Что такое настоящее время? – спросит меня иной. – Настоящее время есть пища для сердца, для чувств и ума. Просим покорно, чем бог послал!… А какая дичь!…

XXXVI

Здесь следовал в манускрипте моем расход на обед мой 25 июля 1830 года; но я не помещаю его, как вещь уже прошедшую, хотя никогда не худо заглянуть на прошедшие свои расходы. Подобно полному кошельку, и мы истощаемся, чахнем, и после издержек, в продолжение многих лет, на горе, чувственные удовольствия, болезни и т. п. вещи остается на нас сухая, бесплодная земля – и только.

Когда же упадет роса,
На цвет, поблекнувший от зною?
Тогда ль, как сдвинутся с землею
Таинственные небеса?
Я года за три беззаботно,
Без дум, без ожиданий жил:
Тогда какой-то дух бесплотный
Меня без отдыха носил
От чувств к страстям, от них к желаньям,
От бездны к светлым небесам,
С небес к земным очарованьям,
От прошлых к будущим годам,
И духом был тогда я сам!

Здесь каждый понятный человек должен себе представить, что день кончился, что мы приехали на ночлег, хотя еще не известно ему, где остановились.

XXXVII

Если б я был женат или, лучше сказать, имел бы миленькую, хорошенькую и добренькую жену, – я ни за что на свете не решился бы расставаться с нею надолго и иначе путешествовать, как теперь, т. е. не сходя с покойного своего дивана. Вот почему: между старыми своими бумагами я нашел записную памятную книжку, а в ней следующее заключение: «после долговременного отсутствия забвение встречает неожиданный возврат взором ненависти». -

Так после покоренья Трои
Вожди, цари и дивные герои
Чрез десять лет в отечестве своем
Холодный встретили прием.
По вожделенном возвращенье
И даже сам Агамемнон
Постель свою и царский трон
Застал в чужом распоряженье [51].

Впрочем, это ничего не значит. Агамемнон был великий полководец, но худой муж. – 10 лет! Господи боже мой! где мое терпенье! ни разу не побывать в отпуску! не подать о себе вести, и в какое же время? – за 1184 года до Р. X. У нас, просвещенных христиан, только 7 лет безвестного отсутствия уничтожают брачные связи[52], и жена свободно может отдать свою руку, сердце, все движимое и недвижимое имение другому, и поделом, и по закону! – не пропадай от жены!

XXXVIII

Жениться прекрасно.

В домашней неге я бы плавал:
Жена, семейство – рай земной!
Хоть между мужем в женой
Почти всегда посредник дьявол!

Это также ничего: недостатки или дополнения в отношении нравственном могут тем или другим образом быть исправлены; но кроме этого к женитьбе бывают иногда невыгоды совершенно материальные. Вы вообразите, что если вы заключаете в себе вес или тяжесть единицы, а подруга ваша так легка, как ноль; если она подле вас с левой стороны, то это не беда, вам не делается от этого тяжелее; но если этот нолик стоит с правой стороны, то есть сочетан с вами по математическим и гражданским законам, то вообразите, что вам в десять раз труднее двигаться с места и в десять раз увеличиваются ваши потребности. Не правда ли? Вот что значит жениться; а вы думали, что вы да она=2? Нет!

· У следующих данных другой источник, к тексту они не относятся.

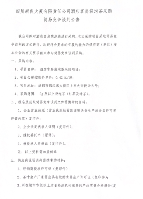 四川新良大厦有限责任公司酒店客房袋泡茶采购简易竞争谈判公告
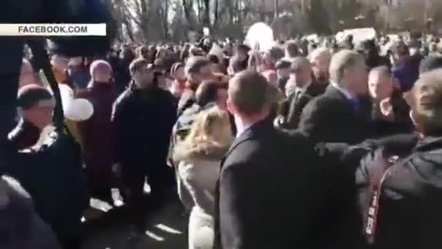 Как видно на опубликованных в Facebook кадрах, украинский лидер радостно приветствует публику и обменивается с украинцами рукопожатиями. В какой-то момент любовь к народу выходит из-под контроля. Порошенко наклоняется к одной из женщин в толпе, чтобы поцеловать. Однако та явно не ожидала такого "теплого приветствия" и проигнорировала его.
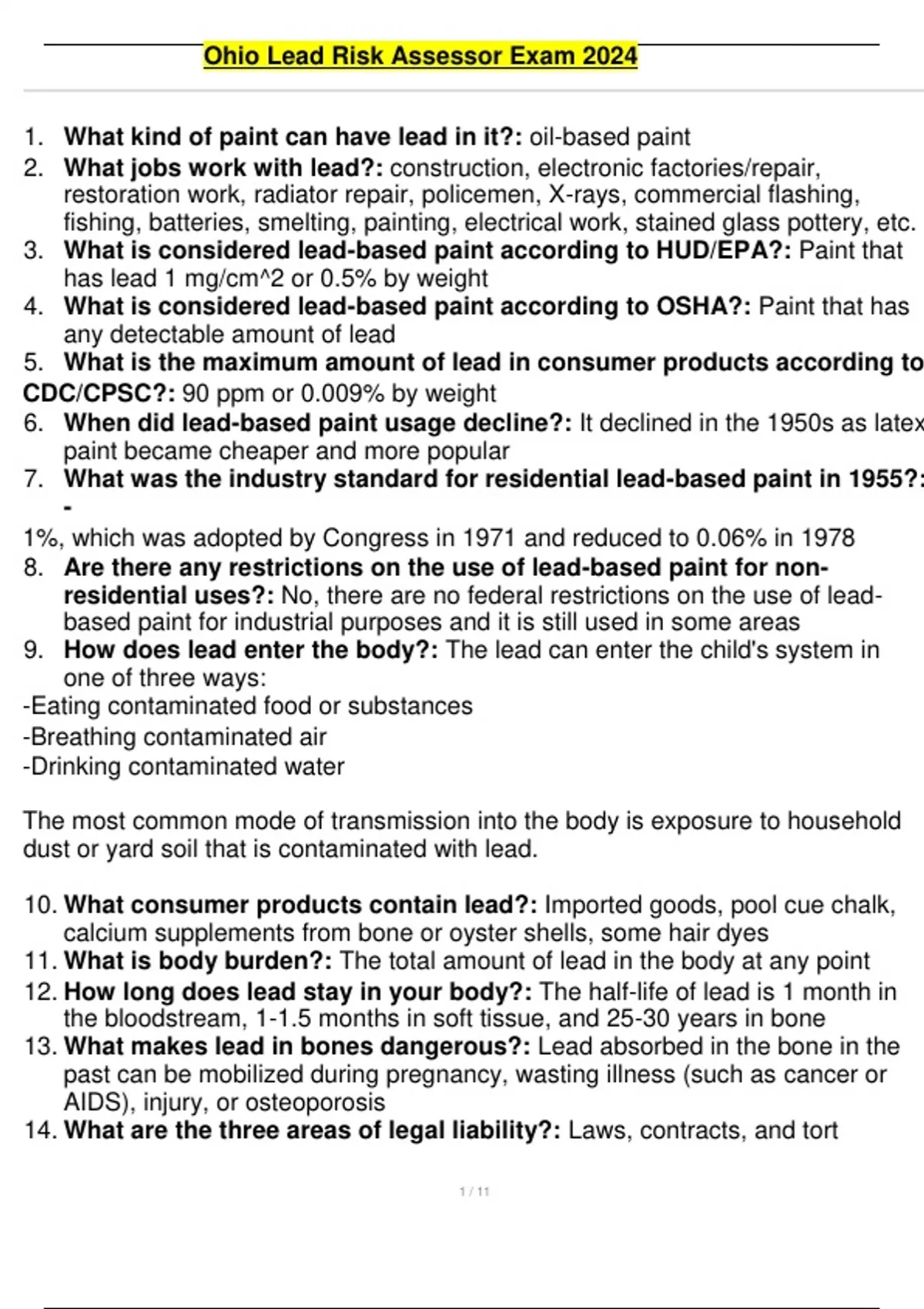 Ohio lead abatement contractor test questions and answers latest 2024
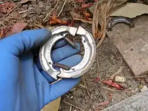 Соедините две тормозные колодки и пружины. Сначала проденьте обе пружины через одну колодку, затем свободно закрепите другой конец пружин на второй колодке.
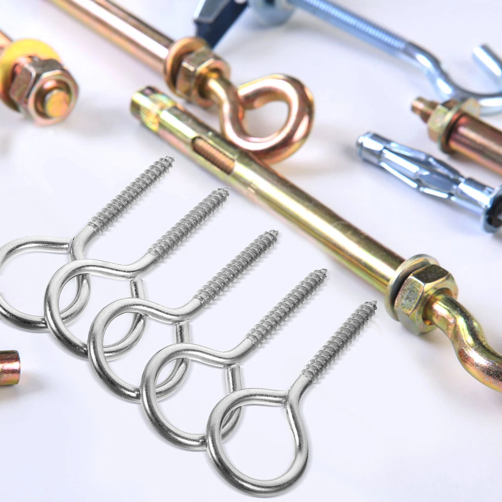 10Pcs Stainless Steel Screw Eye Hooks Heavy Duty Metal Eyelet Screws for DIY Craft Home Storage Hanging Curtains Lights Chains
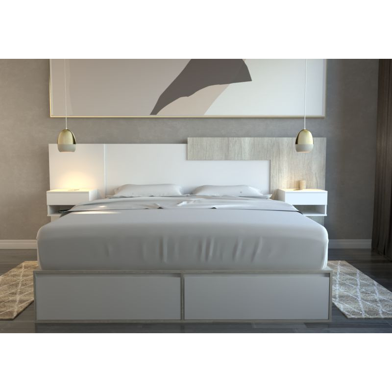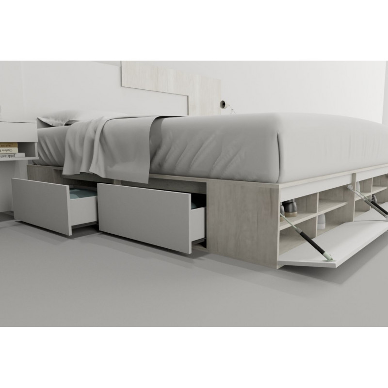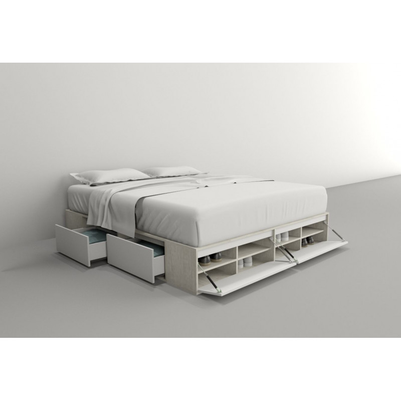 Box De Cama Con Cajonera + Zapatero 6444 King Base Sommier 1,80m, para colchones de 180x200.
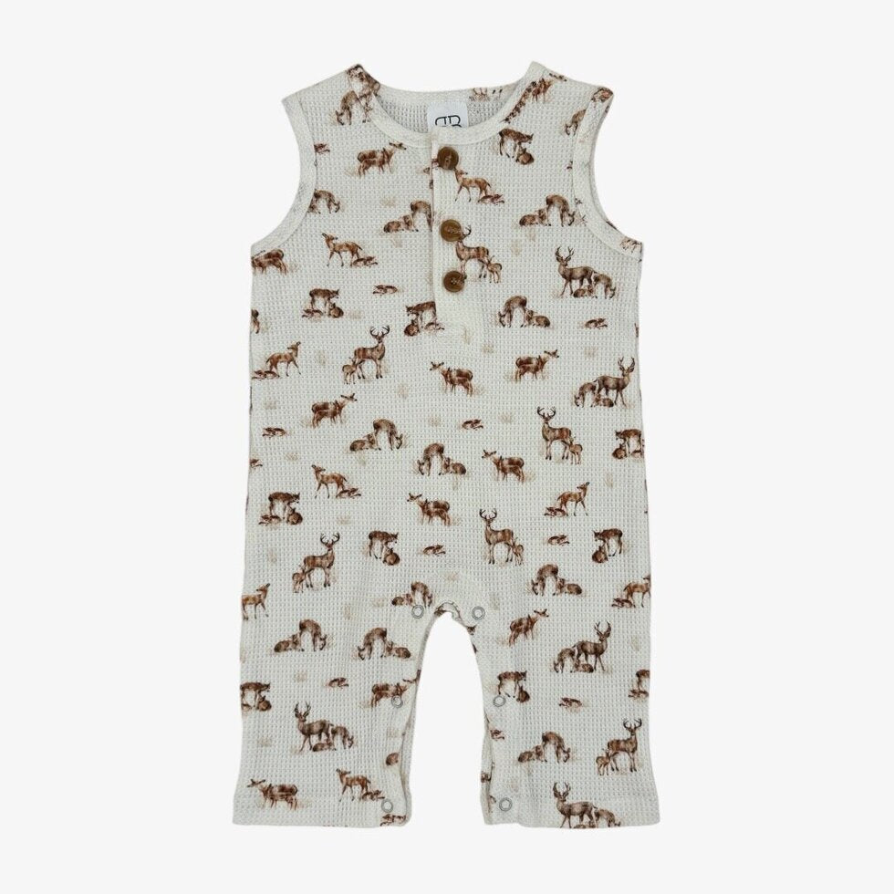 Cruz jumper with buttons at front and metal snaps at stride. Featuring our woodland deer print.
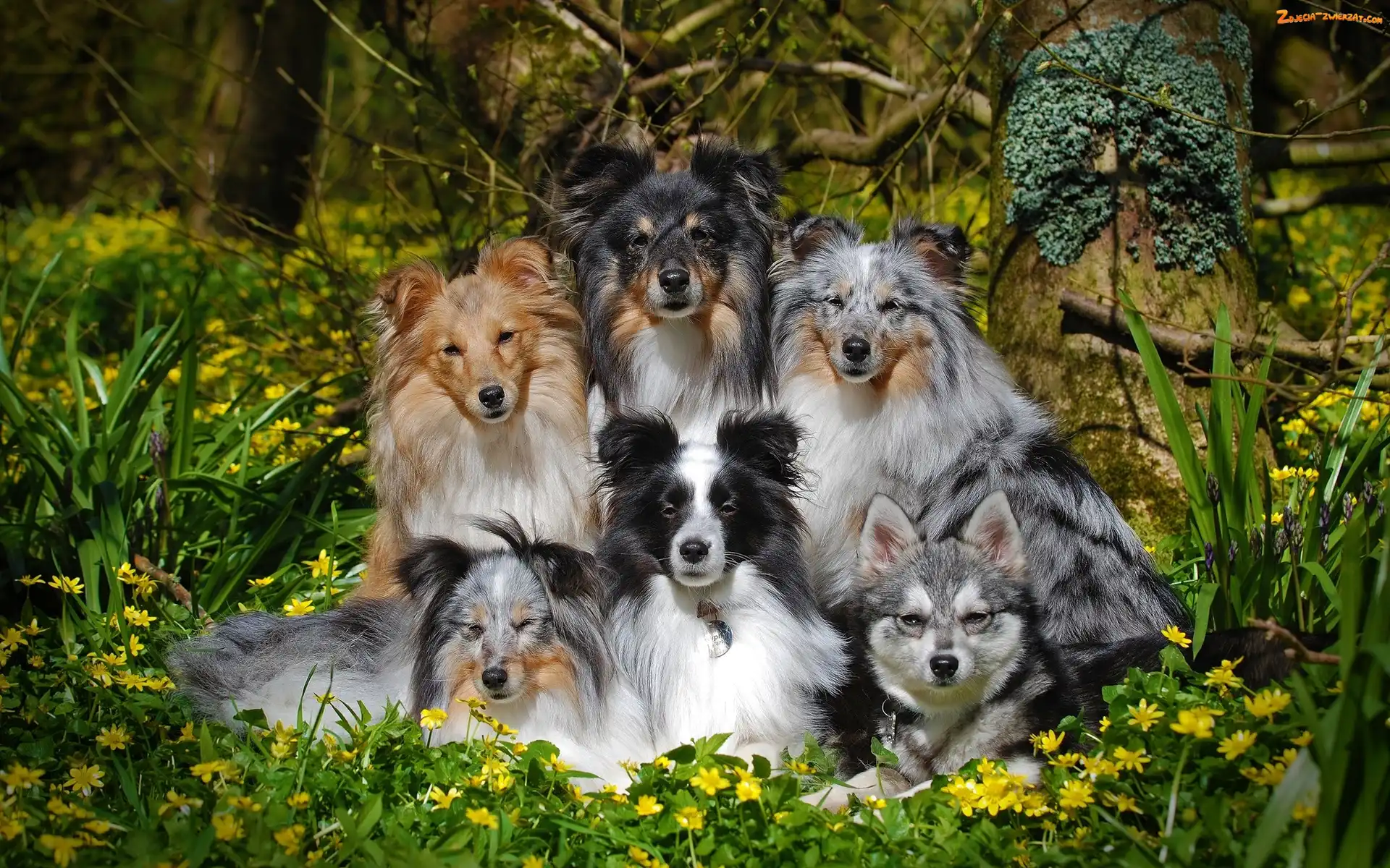 Zdjęcie: Kwiaty, Owczarki szetlandzkie, Psów, Sześć, Kundelek
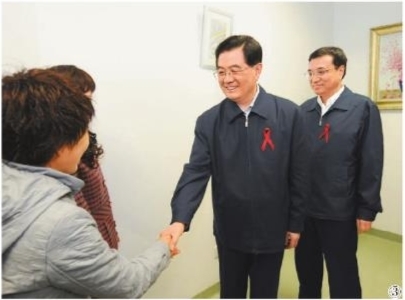 图③:2008年12月1日是第21个世界艾滋病日。胡锦涛同志和李克强同志来到北京地坛医院考察艾滋病防治工作。 新华社记者 马占成 摄
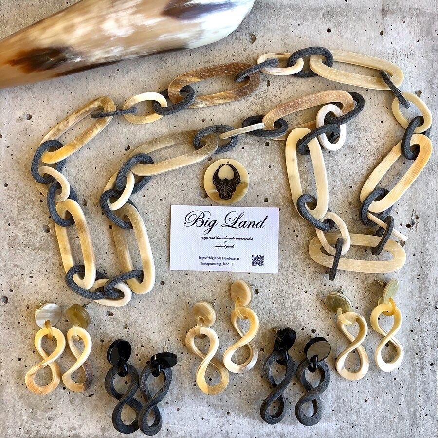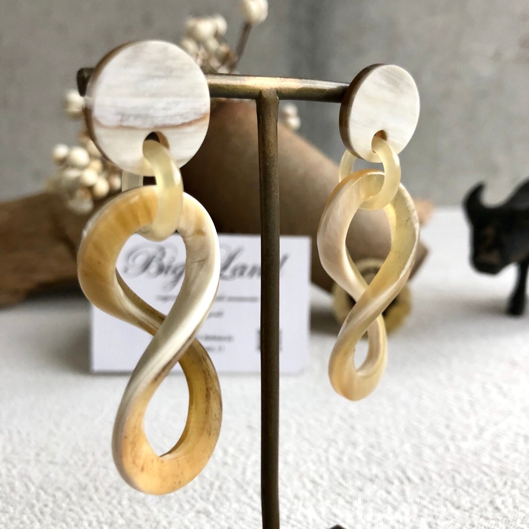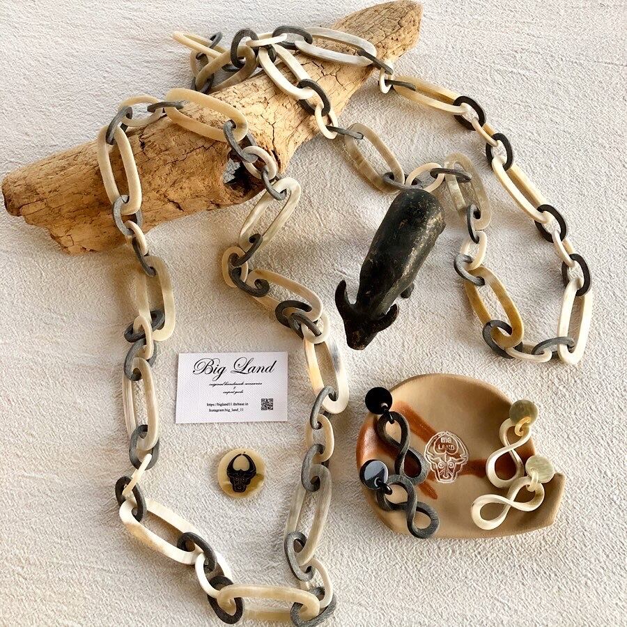 上品な色合いと無限を彷彿するようなモチーフがなんとも言えないデザインで、大ぶりなのに大変軽いのが水牛アクセサリーの特徴です✨
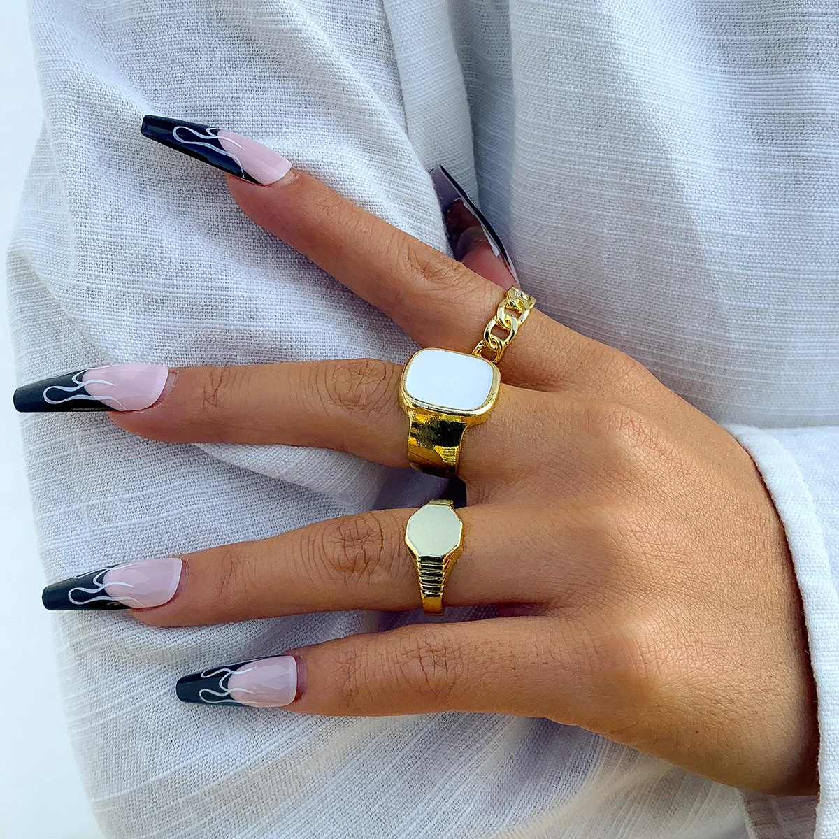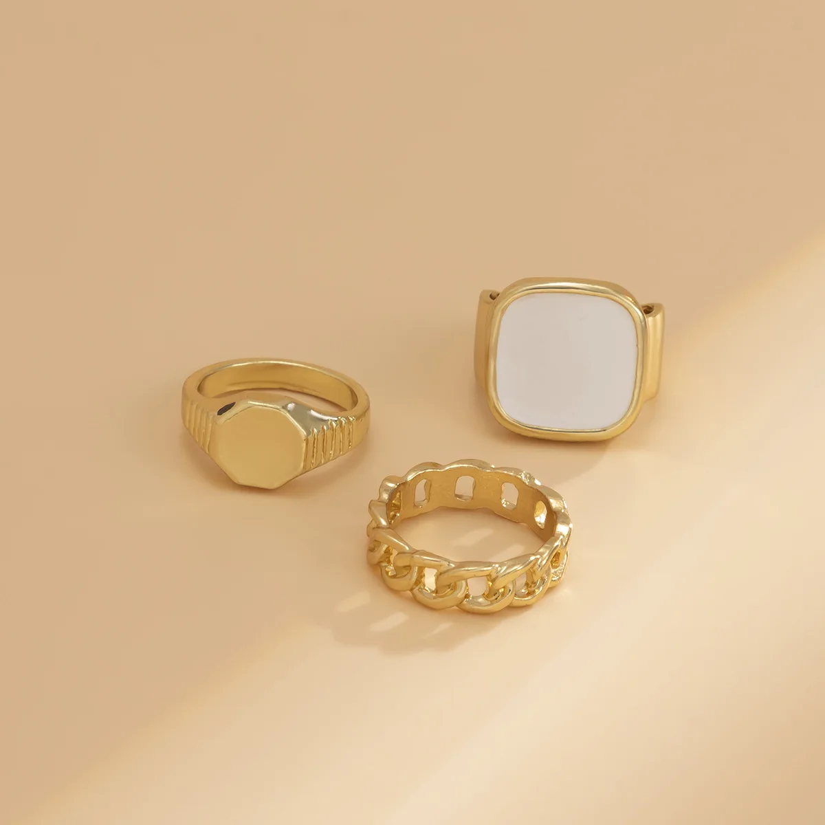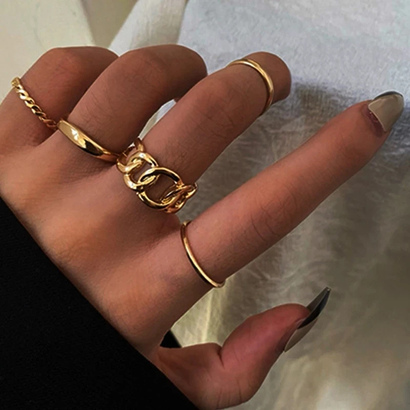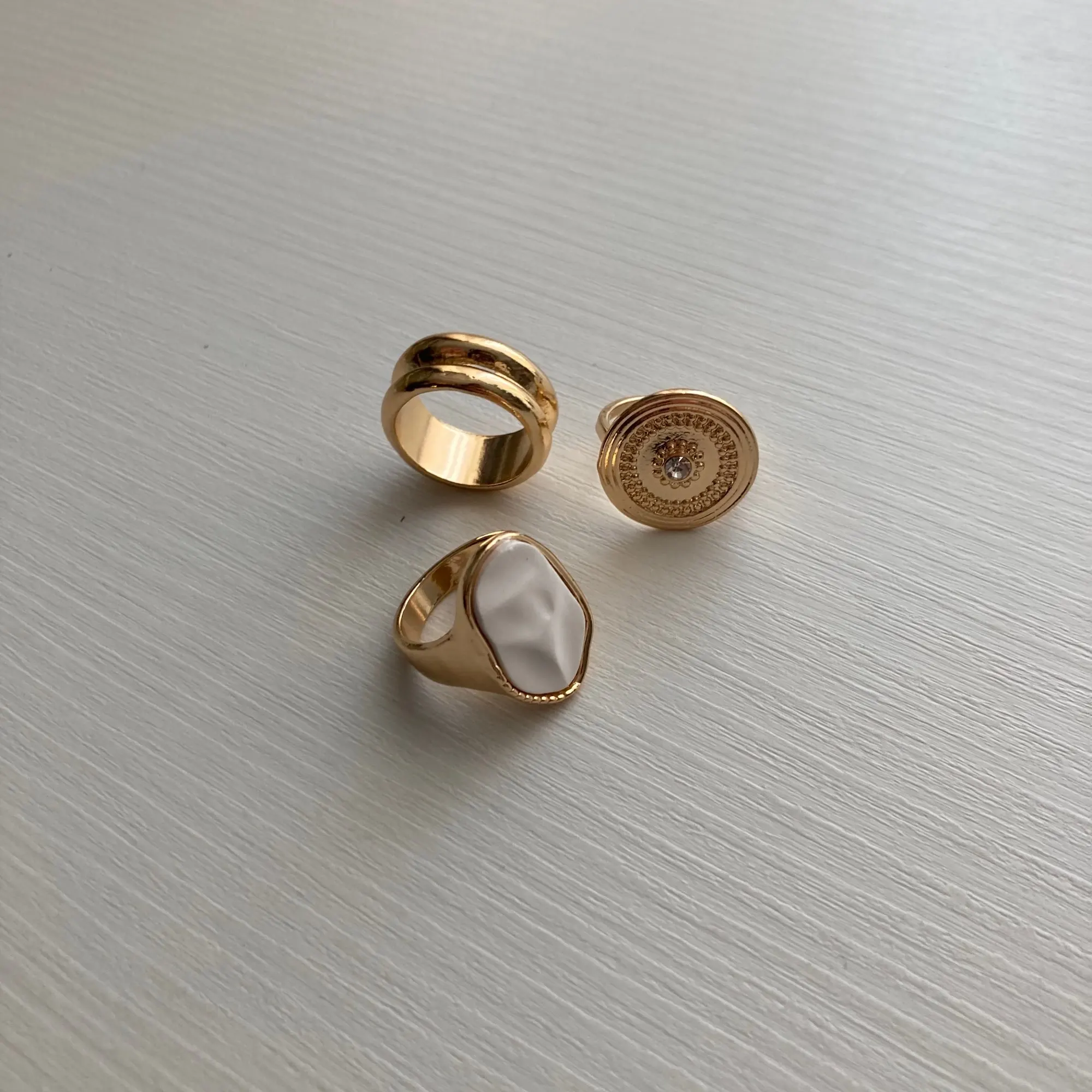 Кольцо женское AOMU, 3 шт.компл., золотистое металлическое, в этническом ретро-стиле, с геометрическим узором, большие ювелирные украшения для вечеринок, 2020

К тому же человек военный,
Походный обер-офицер
С своей супругой несравненной
Да с парой деток, например,
При всех его честях и званье
По мне забавное созданье!
Его какой-нибудь Лука
И пьян, и весел спозаранку,
Исправив должность денщика
И заменив жене служанку,
Идет на кухню, есть варит,
Потом в конюшню и не тужит,
Лошадку чистит да бранит
И всем равно и верно служит.
Я поздравлять их очень рад;
Все это мило и прекрасно!
Особенно, когда согласно
Они семейный мир храпят
И вместе денщика бранят.
Их счастье истинно прямое!
У них в хозяйстве все складное:
И зеркальцо, и стол, и стул,
Дорожный самовар, кастрюлька,
И даже есть складная люлька,
В которой сладко бы заснул
И сам Амур, младенец дерзкий,
Из уст супруги офицерской
Внимая: баюшки-баю
Малютку милую мою!
По недостатку и безлюдью
Она на все везде сама:
Сама ребенка кормит грудью
И учит говорить ма-ма! –
Но я завидовал бы другу,
Который в брак вступил шутя,
Имеет нежную подругу
И нянчит милое дитя!
Как часто, утомясь от службы,
В желаньях тонет жизнь моя!
И кажется, изрядный муж бы
С женой хорошей был и я;
Но эту странную идею
Ласкать надеждой я не смею.

XXXIX

Если бы только один день я терял, заговорившись таким образом о вещах, до меня еще не касающихся; если бы только один я терял день без пользы, это было бы простительно; но и император Тит[53] почти всякий день повторял: Amici, diem perdidi![54]

XL

– Знаете что! – вскричал вдруг вошедший ко мне приятель.

– Что?

– Знаете ли, что я слышал?

– Что?

– Что влюблены ужасно вы! -

– В кого же?

– И скоро по словам молвы…

– Дай боже!

– Но мой совет вам подождать…

– К чему же?…

– Чем больше будем рассуждать…

– Тем хуже!…

Вскричал я, закрутил локоны, осмотрелся в зеркало, поправил галстух, налил на платок духов и оставил своего приятеля в неведении, что со мной сталось.

XLI

Я недаром торопился, други-читатели. Вечер промчался. Как милы, приятны неожиданные, заветные удовольствия! Вообразите, я в таком был веселом духе, в каком очень, очень редко бывают люди влюбленные, Я даже решился петь. Для любопытных я пропою еще раз первый и последний куплет.

I

Откройся мне, о друг мой нежный!
Скажи, о чем печаль твоя?
Ужель ты страстью безнадежной
Томишься так же, как и я?

V

Когда любви узнаешь цену,
Тогда в награду приготовь:
За сердце – сердце дашь взамену,
А за любовь его – любовь!

*

Но читатель! деликатным
Я теперь не в силах быть!
Тороплюсь, чтоб сном приятным
День приятный заключить.
Не небесный рай мне надо:
Сон и мягкую постель.
Пойте песни, Дид и Ладо,
Нежь меня, крылатый Лель! [55]
Звуки сладостные тронут
Душу страстную во мне,
И медлительно потонут
Чувства в сонной глубине.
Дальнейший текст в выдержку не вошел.